_Material provided_
++++++++++

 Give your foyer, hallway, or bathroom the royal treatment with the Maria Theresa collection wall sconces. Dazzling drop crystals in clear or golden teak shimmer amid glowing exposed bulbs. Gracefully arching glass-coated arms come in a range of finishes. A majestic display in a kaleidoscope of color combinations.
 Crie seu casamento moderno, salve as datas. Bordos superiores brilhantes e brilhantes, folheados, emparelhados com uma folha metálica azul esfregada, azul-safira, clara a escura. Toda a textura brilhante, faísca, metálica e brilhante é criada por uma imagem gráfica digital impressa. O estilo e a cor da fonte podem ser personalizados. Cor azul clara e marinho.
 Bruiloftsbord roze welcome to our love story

++++++++++

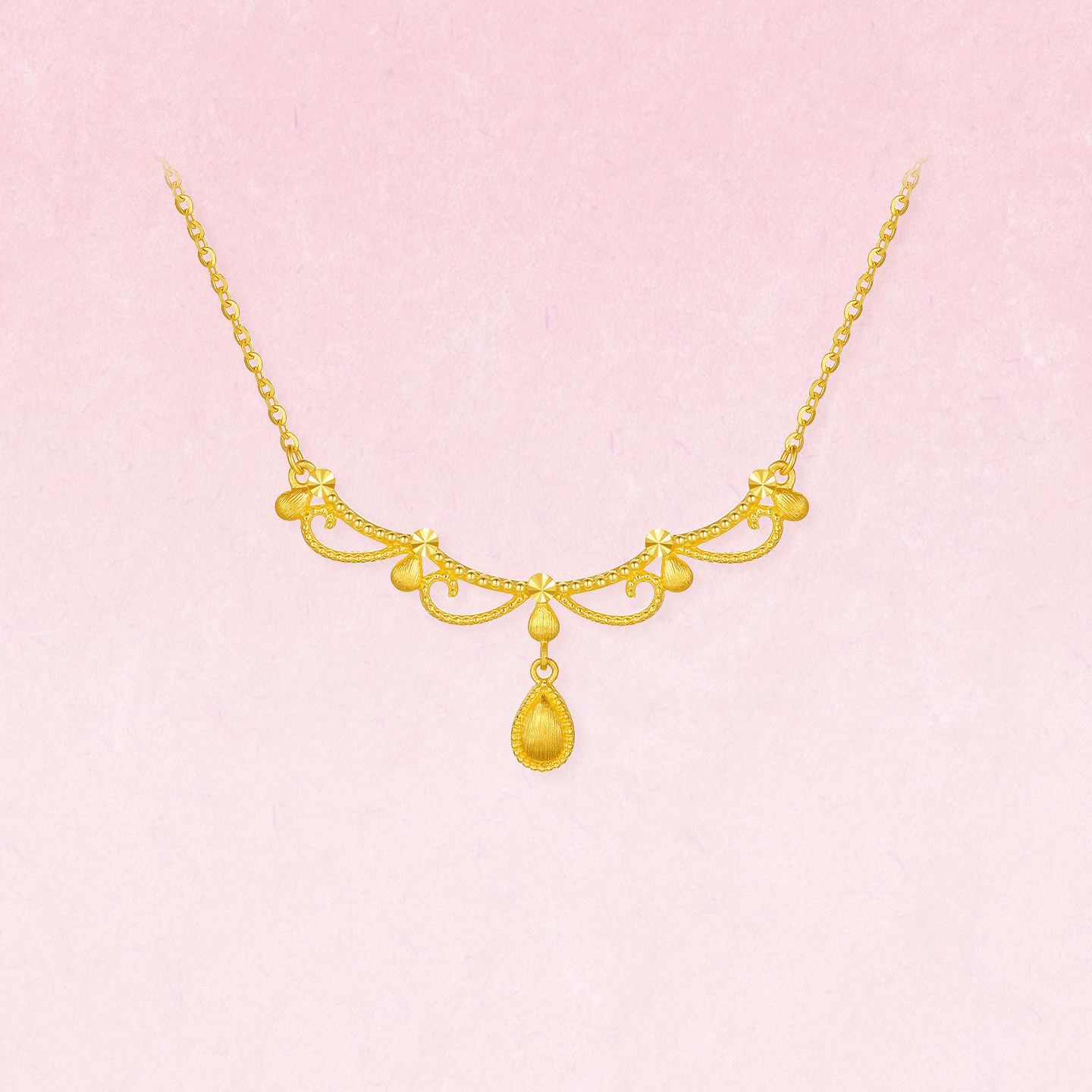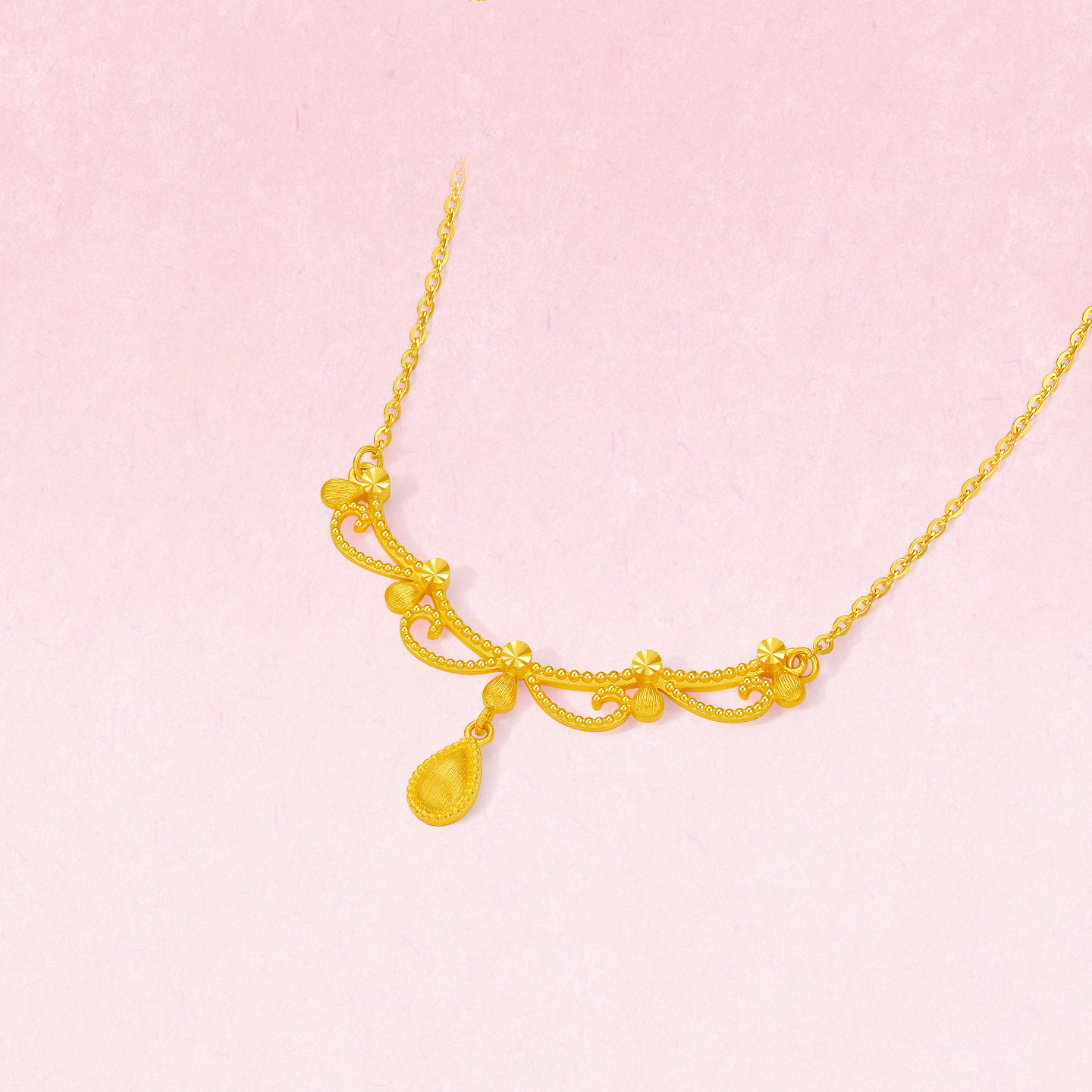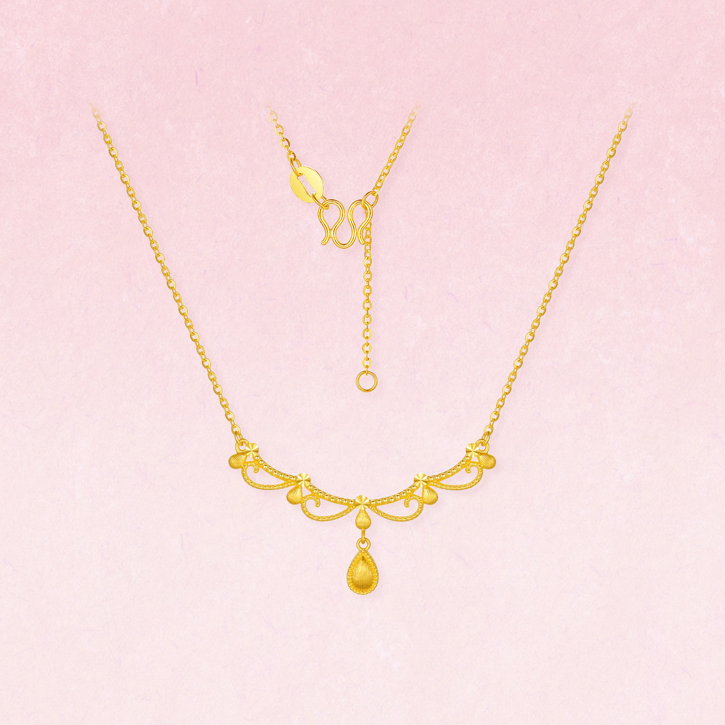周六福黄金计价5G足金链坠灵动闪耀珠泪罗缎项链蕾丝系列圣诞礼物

++++++++++

_Assignment_
Would you copy, unchanged, the stretch of the records above that begins at the line containing "Give your foyer, hallway, or" and ends at the line containing "Bruiloftsbord roze welcome to our love story", and only that?

_Your solution_
 Give your foyer, hallway, or bathroom the royal treatment with the Maria Theresa collection wall sconces. Dazzling drop crystals in clear or golden teak shimmer amid glowing exposed bulbs. Gracefully arching glass-coated arms come in a range of finishes. A majestic display in a kaleidoscope of color combinations.
 Crie seu casamento moderno, salve as datas. Bordos superiores brilhantes e brilhantes, folheados, emparelhados com uma folha metálica azul esfregada, azul-safira, clara a escura. Toda a textura brilhante, faísca, metálica e brilhante é criada por uma imagem gráfica digital impressa. O estilo e a cor da fonte podem ser personalizados. Cor azul clara e marinho.
 Bruiloftsbord roze welcome to our love story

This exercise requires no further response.